■ What you will do
Set down again exactly the lines of the listing below that fall between the line holding "De momento se" and the line holding "#54, 1986)Liz’s tentative", inclusive.

■ Provided material
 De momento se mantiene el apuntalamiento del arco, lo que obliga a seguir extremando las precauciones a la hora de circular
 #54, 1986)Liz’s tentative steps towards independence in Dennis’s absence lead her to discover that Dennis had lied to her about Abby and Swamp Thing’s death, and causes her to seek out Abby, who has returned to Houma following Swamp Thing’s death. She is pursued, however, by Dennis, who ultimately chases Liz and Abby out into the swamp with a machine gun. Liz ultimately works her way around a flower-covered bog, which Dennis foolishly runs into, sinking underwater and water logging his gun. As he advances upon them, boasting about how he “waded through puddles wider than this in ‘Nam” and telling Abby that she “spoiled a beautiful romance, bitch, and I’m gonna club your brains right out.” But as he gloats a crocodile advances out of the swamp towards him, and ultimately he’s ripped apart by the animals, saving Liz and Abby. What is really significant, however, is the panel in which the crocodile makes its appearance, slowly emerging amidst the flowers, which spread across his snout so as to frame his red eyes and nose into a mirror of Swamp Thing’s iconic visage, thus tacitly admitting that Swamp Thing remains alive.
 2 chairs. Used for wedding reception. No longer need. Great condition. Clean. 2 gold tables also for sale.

* * *

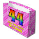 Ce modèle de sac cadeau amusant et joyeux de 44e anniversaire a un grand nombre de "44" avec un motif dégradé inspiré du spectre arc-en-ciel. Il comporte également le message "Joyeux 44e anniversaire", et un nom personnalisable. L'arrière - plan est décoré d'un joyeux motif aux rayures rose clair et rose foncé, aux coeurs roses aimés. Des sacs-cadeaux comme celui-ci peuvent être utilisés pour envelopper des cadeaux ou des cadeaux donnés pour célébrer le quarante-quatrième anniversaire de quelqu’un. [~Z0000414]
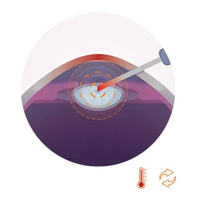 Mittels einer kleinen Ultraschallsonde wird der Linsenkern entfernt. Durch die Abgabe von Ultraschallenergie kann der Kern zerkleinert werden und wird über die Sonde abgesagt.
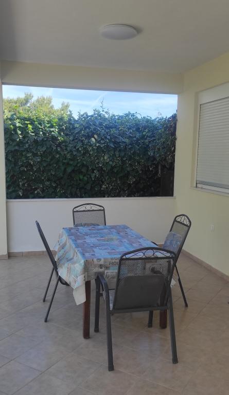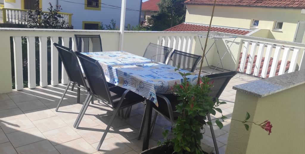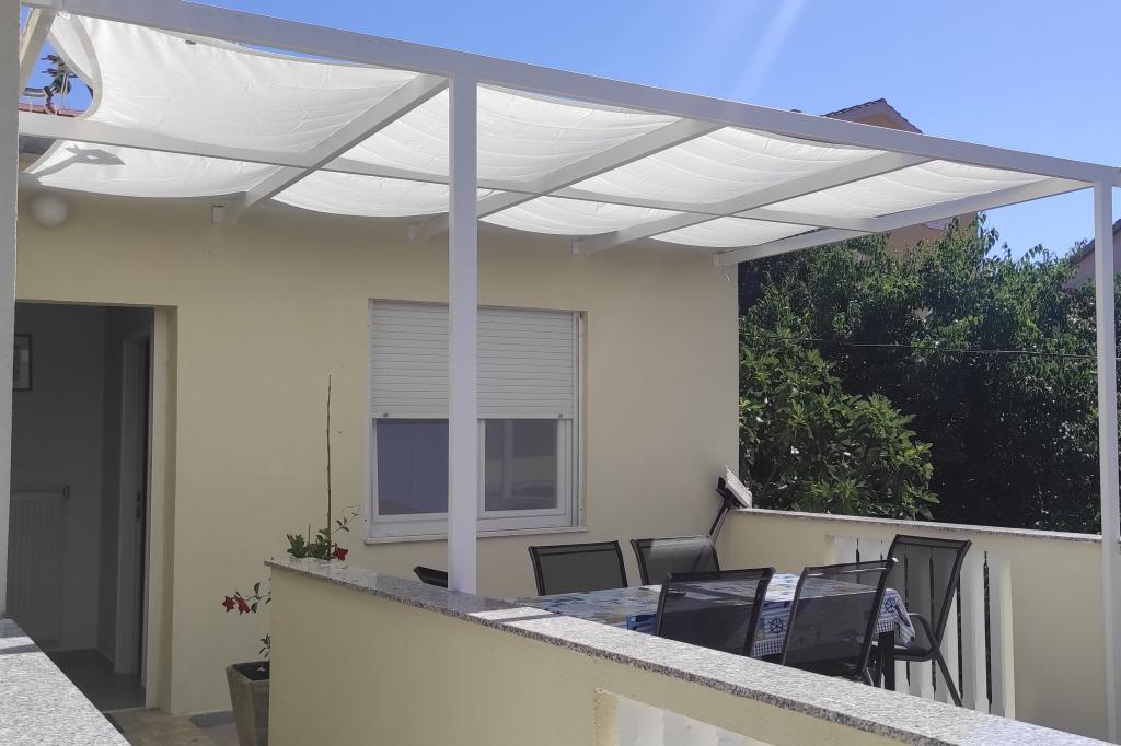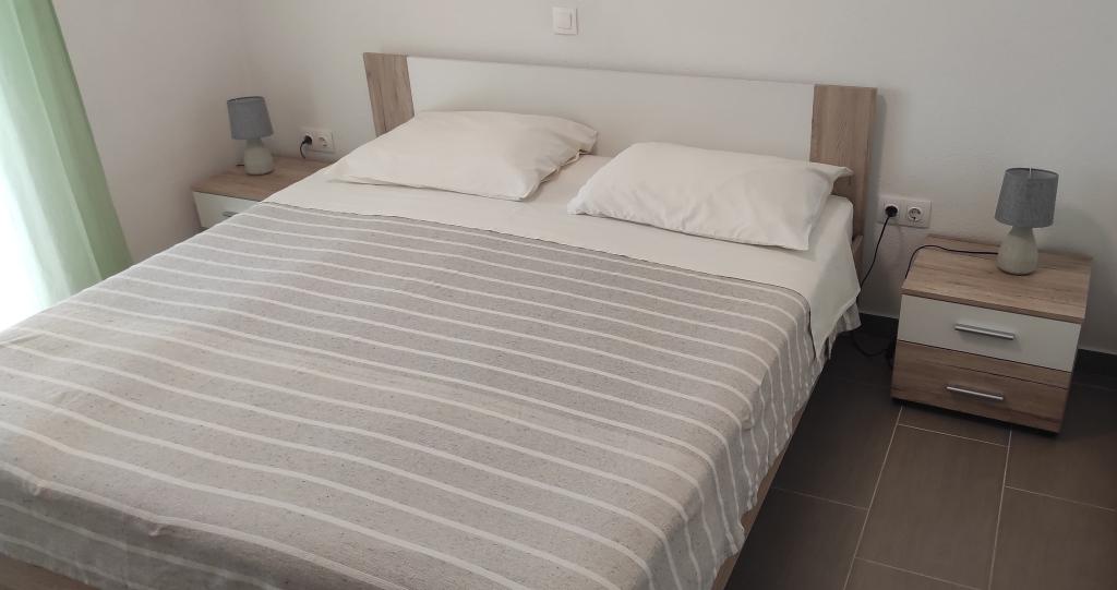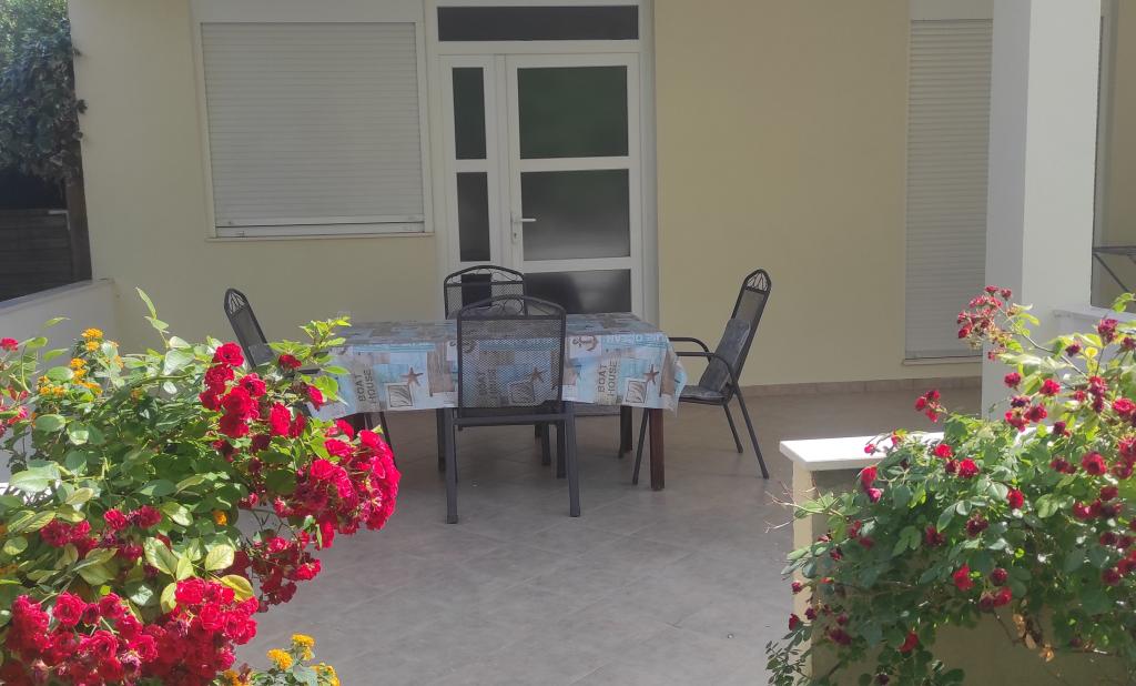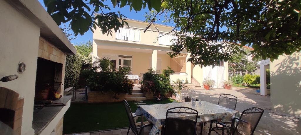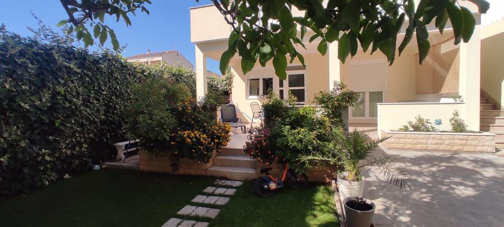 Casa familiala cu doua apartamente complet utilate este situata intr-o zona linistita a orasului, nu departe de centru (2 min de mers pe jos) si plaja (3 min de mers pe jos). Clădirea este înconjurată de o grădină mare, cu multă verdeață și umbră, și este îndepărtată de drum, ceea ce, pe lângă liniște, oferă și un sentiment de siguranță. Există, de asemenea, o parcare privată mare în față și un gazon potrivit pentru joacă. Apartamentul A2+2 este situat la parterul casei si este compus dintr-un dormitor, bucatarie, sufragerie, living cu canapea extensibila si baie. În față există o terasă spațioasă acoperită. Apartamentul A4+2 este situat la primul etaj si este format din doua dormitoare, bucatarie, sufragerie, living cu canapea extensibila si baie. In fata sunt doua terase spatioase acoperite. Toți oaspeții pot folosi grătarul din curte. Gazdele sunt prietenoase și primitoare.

■ Task solution
 De momento se mantiene el apuntalamiento del arco, lo que obliga a seguir extremando las precauciones a la hora de circular
 #54, 1986)Liz’s tentative steps towards independence in Dennis’s absence lead her to discover that Dennis had lied to her about Abby and Swamp Thing’s death, and causes her to seek out Abby, who has returned to Houma following Swamp Thing’s death. She is pursued, however, by Dennis, who ultimately chases Liz and Abby out into the swamp with a machine gun. Liz ultimately works her way around a flower-covered bog, which Dennis foolishly runs into, sinking underwater and water logging his gun. As he advances upon them, boasting about how he “waded through puddles wider than this in ‘Nam” and telling Abby that she “spoiled a beautiful romance, bitch, and I’m gonna club your brains right out.” But as he gloats a crocodile advances out of the swamp towards him, and ultimately he’s ripped apart by the animals, saving Liz and Abby. What is really significant, however, is the panel in which the crocodile makes its appearance, slowly emerging amidst the flowers, which spread across his snout so as to frame his red eyes and nose into a mirror of Swamp Thing’s iconic visage, thus tacitly admitting that Swamp Thing remains alive.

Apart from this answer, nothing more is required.